3.6.2.3. Vibrational analysis of C–F. To assess the interaction of aromatic rings with halogen atoms from a functional group perspective, the stretching vibration for F–C is quite important. The detected infrared for this stretching is in the range of 1100–1300 cm−1. The C–F stretching for compound C is stretched at 1250 cm−1 theoretically and experimentally; it was observed in the range of 1135 cm−1. The theoretical and actual values of compound A for C–F stretching vibration were observed at 1127 cm−1 and 1135 cm−1, respectively. From the theoretical and experimental results, no peak appeared for compound B of the same stretching, indicating that no halogen group was present in the B precursor compound.
3.6.2.4. Vibrational analysis of the C–OH and alcoholic OH groups. The O–H and C–O stretching vibrations have characteristic bands in the range of 3650–3400 cm−1 and 1300–1000 cm−1, respectively, as reported in the literature. For target compound C, the O–H stretching appeared at 3327 cm−1 in the experimental results, but theoretically, no peak was observed in this range. The intense peak of the C–O stretching for compound C was observed at 1248 cm−1 theoretically and in the actual study; this vibration stretching appeared at 1018 cm−1. In compound A, no peak was observed theoretically and experimentally in this range, clearly indicating that the alcoholic group was not present in compound A. Compound B showed the peak for O–H and C–O stretching at 3808 cm−1 and 1026 cm−1 theoretically, respectively.
3.6.2.5. Vibration analysis of C–N and N–H stretching.
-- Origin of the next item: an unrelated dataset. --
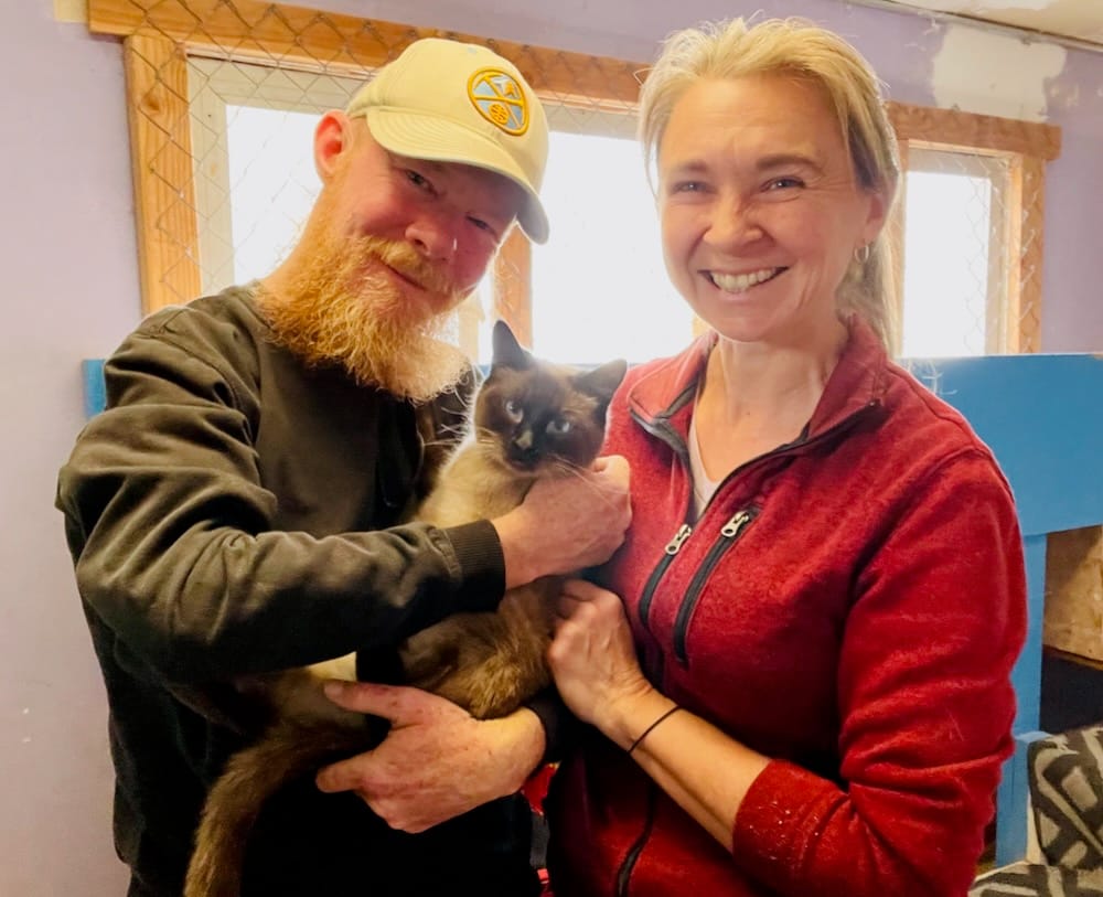 Legend of Zia Tumbleweed: It was a bright and sunny morning at the end of February, when the west wind began to roll in. Jesse & Khara drove out to the Desert Haven Animal Rescue to volunteer some love and affection to the dogs and cats of Sierra County (living communal style till they find their forever homes). They met her in a cozy room she had all to herself, since the little Siamese cat had only recently found her way there. She had emerged from the dust of the desert to the House of Bess, who helped this little gal to the haven, as her own feline companions were unforgiving to new company. Well, she had lovingly charmed the staff until the fateful day she meowed, “Ramble on.” She settled in the big white truck, riding past dirt devils and through gusts of 50 miles per hour. Upon arrival at the homestead, they arrived to greet her: tumbleweed after massive tumbleweed blew through the park of modern wagons and piled up against the creosote hillside. The little cat sent her wrangler out to receive the giant traveling bushes, protect the house and send them on east to disperse their seeds. From then on, she was called after the sun symbol of the Pueblo which honors the four cardinal directions and the rambling thistles who rushed to welcome her home.

To identify the nitrogen group in the compound, N–H stretching in the infrared spectrum is very important. The N–H and C–N stretching of aromatic compounds are observed in the range of 3500–3100 cm−1 and 1250–1450 cm−1, respectively, in the literature. No peak was observed in the range of N–H stretching for compound C, clearly indicating that no hydrogen was attached to the nitrogen atom in compound C. The C–N vibration stretching for compound C is observed at 1420 cm−1 in the theoretical study, while in the experimental study, the peak of the same stretching is observed at 1400 cm−1. Compound A showed N–H stretching at 3163 cm−1 in the experimental analysis, but in the theoretical analysis, this stretching was observed at 3106.81 cm−1. The C–N vibration peak for compound A was observed at 1216 cm−1 and 1445 cm−1 by experimental and theoretical analyses, respectively. Further, no peak appeared for compound B in the range of both stretching vibrations C–N and N–H, indicating that no nitrogen group was present in compound B.
3.6.3. NMR characterization of the target compound. Nuclear magnetic resonance spectroscopy is employed to examine the chemical surroundings, investigate molecular dynamics and ascertain the molecular structures. This study's main objective is to evaluate the GIAO technique of NMR using experimentally obtained values of hit compounds. The 13C and 1H NMR were calculated using DFT/B3LYP, and a 6-311G basis set was used in the input file of the optimized structure of the tilted compounds. The DMSO solvent was employed in both the GIAO and actual methods. If no comparable reference compound was chosen, conformers were not statistically treated, and the solvent effect, particularly for polar solvents, was not present; there would be some discrepancies and differences between theoretically estimated and experimentally obtained values for nuclear shielding. The reference utilized for all the target compounds in the computational study is TMS B3LYP/6-311 + G(d,p).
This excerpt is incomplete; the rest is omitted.